It must be obvious by now just how much I admire the English language and its regular diet of new words. But even I have my limits.
So what has promoted my ire? It’s very simple. It’s Horsegate. It’s the ‘scandal’ over the retired police horse cared for by Rebekah Brooks and subsequently ridden by David Cameron. The whole equine fiasco has been dubbed ‘horsegate’ by the media and the social media world.
And I hate it! Not the story, which is of course fascinating, amusing and worrying in almost equal measures. No, I hate the way that every vaguely salacious or scandalous story which hits the news and lasts for longer than about 20 minutes automatically receives a ‘-gate’ at the end of it as a word by which it will be referred to for evermore.
It’s lazy. It’s cliched. But above all, it offends my linguistic sensibilities. It is derived, of course, from the Watergate scandal of the 1970s. This has led to the belief that you can borrow the gate from the building where it took place and simply append it to anything. And it’s plain wrong. There is nothing inherent in the word ‘gate’ that means anything to do with scandal. Imagine if the Nixon scandal had centred around the Waterfish building, we’d all be discussing the horsefish story now.
Now I know what you’re thinking. I have continually espoused a theory of language growing and evolving, of words taking on new meanings, and if gate has grown to be imbued with scandal-related meaning when used as a suffix, surely I should applaud that, that is what language does. But on this occasion, I am going to stick to my guns. I think it is ugly and unnecessary. A glance down Wikipedia’s list of ‘gate’ usages convinces me I am right, so ludicrous are many of the entries. I think Fajitagate and Toiletgate are possibly the pick of an appalling bunch.
I love the ever-changing nature of English. But this constant neologism is almost scandalous. It’s just that you’ll never hear me refer to it as languagegate.
5 thoughts on “Why Horsegate Should Ride Away”
I’d call you a killjoy if I wasn’t still laughing over Fajitagate and Toiletgate!
Mitchell & Webb did a sketch on this a few years ago, renaming the Watergate scandal as Watergategate – with David Mitchell’s usual comic detatchment on his own pedantry.
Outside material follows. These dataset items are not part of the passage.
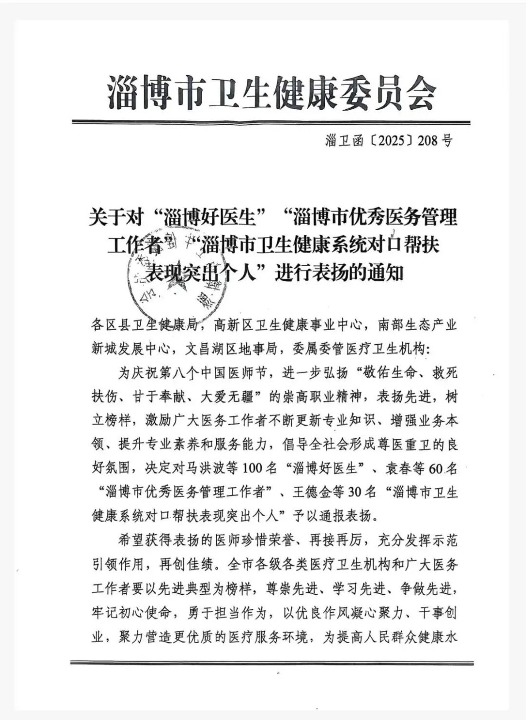 近日,淄博市卫生健康委员会发布《关于表扬全市卫生健康系统“淄博好医生”“淄博市优秀医务管理工作者”“淄博市卫生健康系统对口帮扶表现突出个人”的通知》(淄卫函〔2025〕208号),对在全市卫生健康事业中表现突出的个人和集体予以通报表扬,我院吴鹏院长荣列榜单,获得殊荣,被评为淄博好医生。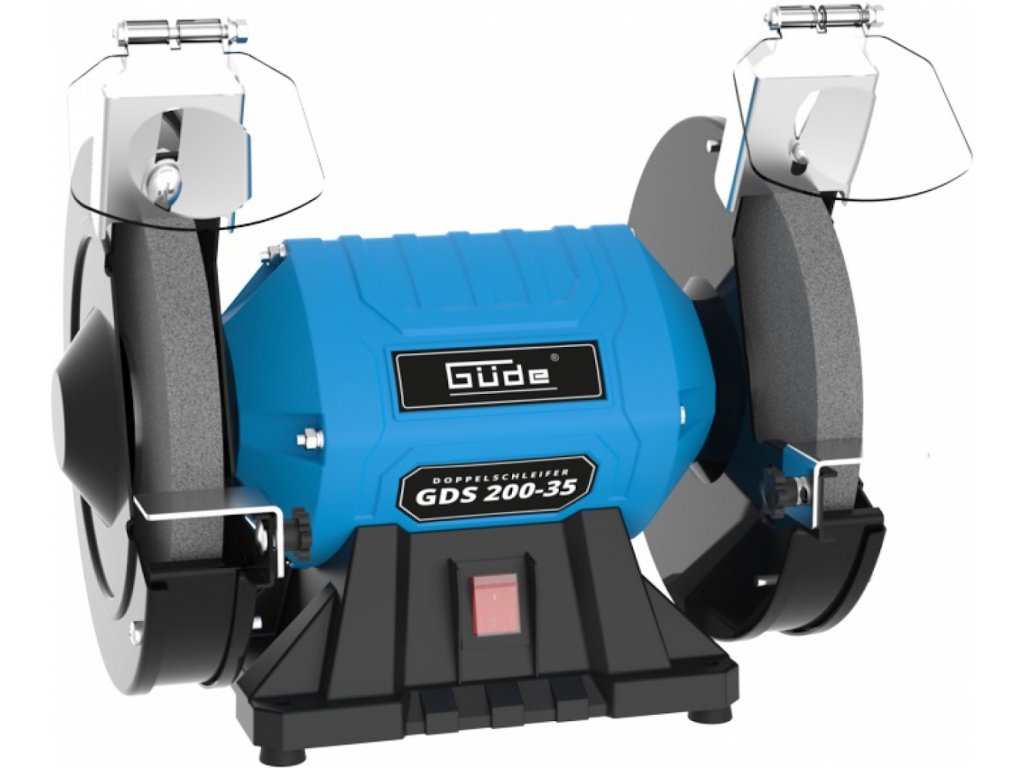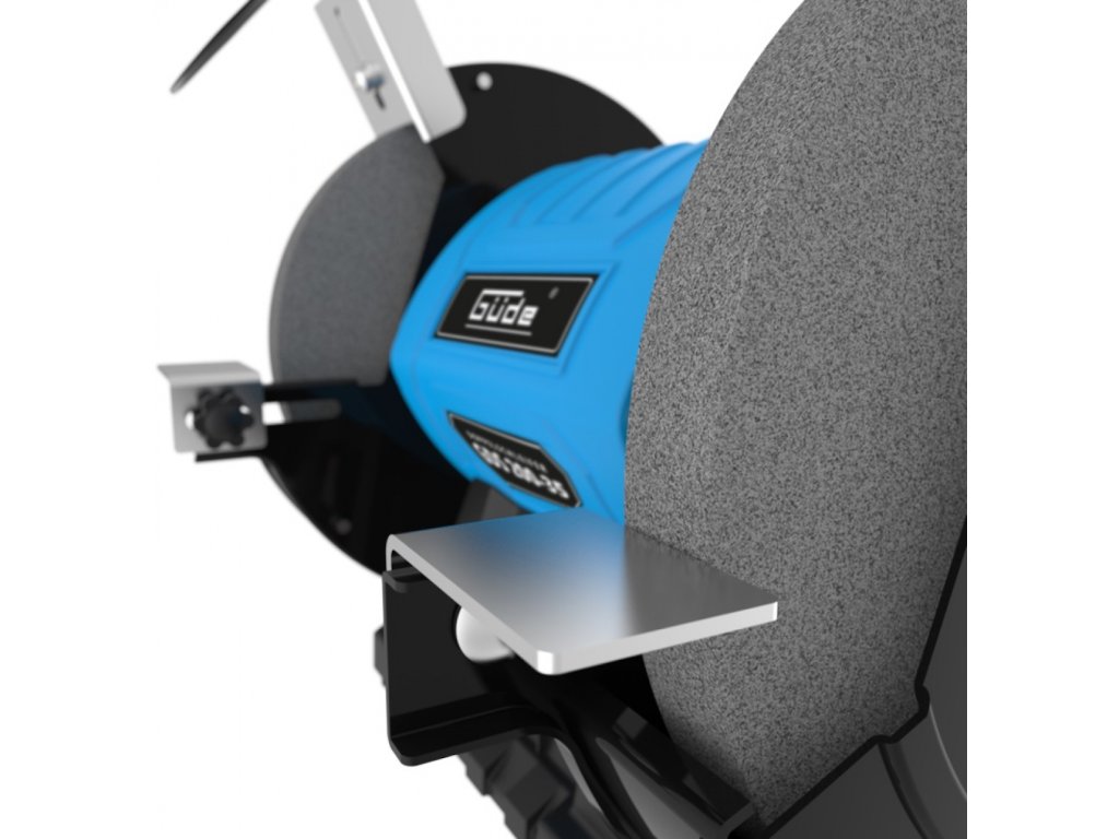 Aufbau: Leichtmetallgehäuse, verstellbare Werkstückauflagen, Schutzabdeckungen gegen Funkenflug, robuster Standfuß (inkl. Bohrungen zur Befestigung auf der Arbeitsplatte).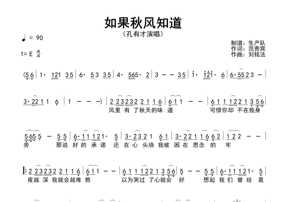 孔有才《如果秋风知道》简谱 - 原版简谱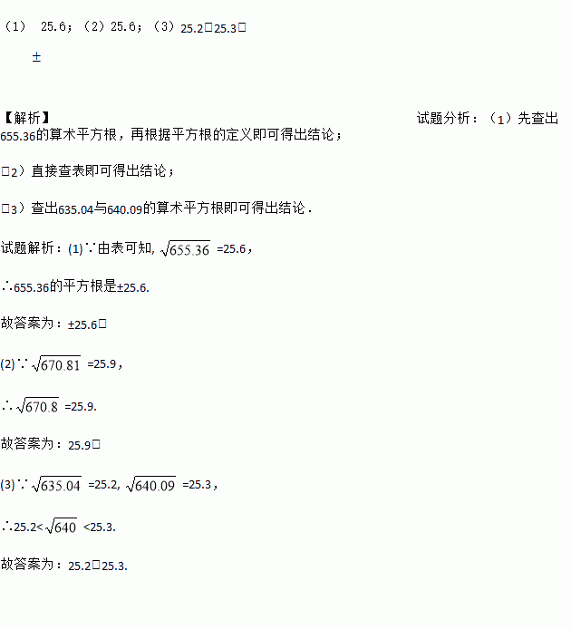 (1)655.36的平方根是 .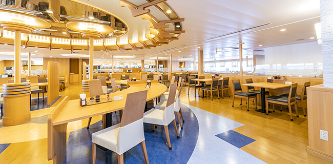 ゆったりとした開放感が特長のレストランで海を眺めて食事が楽しめるお席もご用意。各船の調理長自慢の料理をご堪能ください。
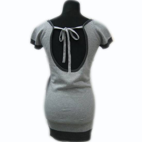 This ladies' dress has stripe patterns on the front, giving a classical appearance. The low-back design attracts people's attention immediately. The contrast between the back and front creates a striking effect, making this dress distinctive.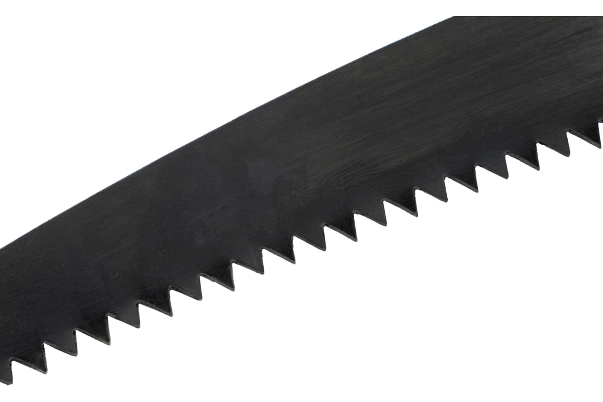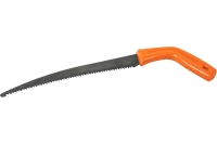 Садовая ножовка предназначена для поперечного распила сырой древесины. Полотно изготовлено из среднеуглеродистой стали и закалено до твердости 43-46 HRC, что обеспечивает легкий рез древесины.
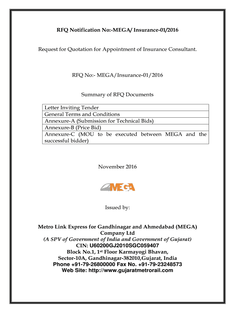 RFQ Notification No:MEGA/ Insurance01/2016 Request for Quotation for Appointment of Insurance Consultant. RFQ No: MEGA/Insurance01/2016 Summary of RFQ Documents Letter Inviting Tender General Terms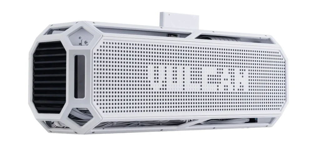 The Vulcan Armor uses a horizontal layout and measures 617 × 186.6 × 210 mm, placing it within the compact small-form-factor category while still leaving room for powerful components. The case structure is made from CNC-machined all-aluminum alloy, giving it a solid frame and a minimal industrial look. Colorful has also included a magnetic contact base on the top panel, designed to support the Vulcan Smart Screen that ships with the Vulcan W graphics card.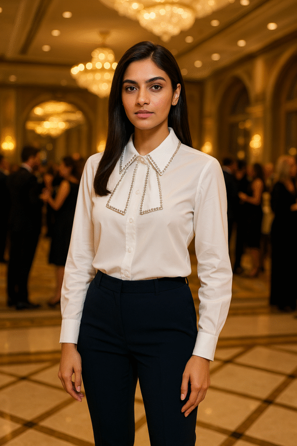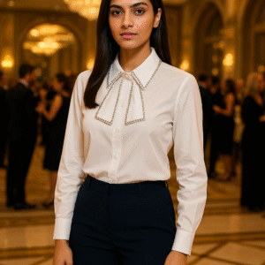 Illuminate the night with timeless elegance in our Midnight Glow Women’s Party Shirt. Designed for the woman who loves understated glamour, this crisp white shirt is adorned with delicately placed pearl embellishments along the collar and bow-tie outline, adding a touch of luxury to a classic silhouette.

That the -gate suffix is funny, and is treated as a joke, may not mean it’s reached the end of its useful life. From its inception the suffix was used humourously. That’s what kept it going among the generation (myself included) who watched the unfolding of the Watergate story, and understood its significance. In those early years adding -gate had the feeling of linguistic play – like Humpty-Dumpty’s “portmanteau” words; it made sense but we all new that this wasn’t how words were really constructed.
Now -gate has to be explained to the younger generation, and they don’t see the joke or the significance. Perhaps this is the beginning of the end? There are good reasons for thinking that’s not so:
1) Those same young people now understand “-gate” and use it even without knowing the story of its origin.
2) 24 hour news is here to stay.
3) There is an ever increasing supply of political scandals.
4) The -gate suffix is too useful to drop in a shortwinded age.. “The story about David Cameron riding Rebekah Brookes’ horse which she had borrowed from the Met Police” doesn’t fit too easily into a soundbite or a text or a tweet, and isn’t memorable; “horsegate” does.and is.
On a related point, new suffixes don’t enter the language very often, and this may be the only one in my lifetime but the -s in the Meerkat “Laters” may be in the early stages of becoming another (I have heard “Tomorrows” already). Oddly, both are suffixes that denote ellipsis.